As indicated by istop=1, `lsmr` found a solution obeying the tolerance limits. The given solution `[1., -1.]` obviously solves the equation. The remaining return values include information about the number of iterations (itn=1) and the remaining difference of left and right side of the solved equation.
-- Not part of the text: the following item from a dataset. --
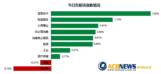 盘面显示,科技板块午盘反弹,帮助澳洲股市收复了早盘原材料板块的跌幅,最终大盘小幅走高。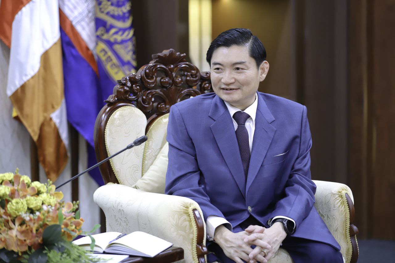 (ភ្នំពេញ)៖ ឯកឧត្តម ហេង សួរ រដ្ឋមន្ត្រីក្រសួងការងារ និងបណ្តុះបណ្តាលវិជ្ជាជីវៈ បានទទួលជួបសម្តែងការគួរសម និងពិភាក្សាការងារជាមួយ ឯកឧត្តម Tull TRAISORAT ឯកអគ្គរាជទូតនៃព្រះរាជាណាចក្រថៃ តែងតាំងថ្មីប្រចាំព្រះរាជាណាចក្រកម្ពុជា។

The final example demonstrates the behavior in the case where there is no solution for the equation:

```>>> b = np.array([1., 0.01, -1.], dtype=float)
>>> x, istop, itn, normr = lsmr(A, b)[:4]
>>> istop
2
>>> x
array([ 1.00333333, -0.99666667])
>>> A.dot(x)-b
array([ 0.00333333, -0.00333333,  0.00333333])
>>> normr
0.005773502691896255
```

istop indicates that the system is inconsistent and thus x is rather an approximate solution to the corresponding least-squares problem. normr contains the minimal distance that was found.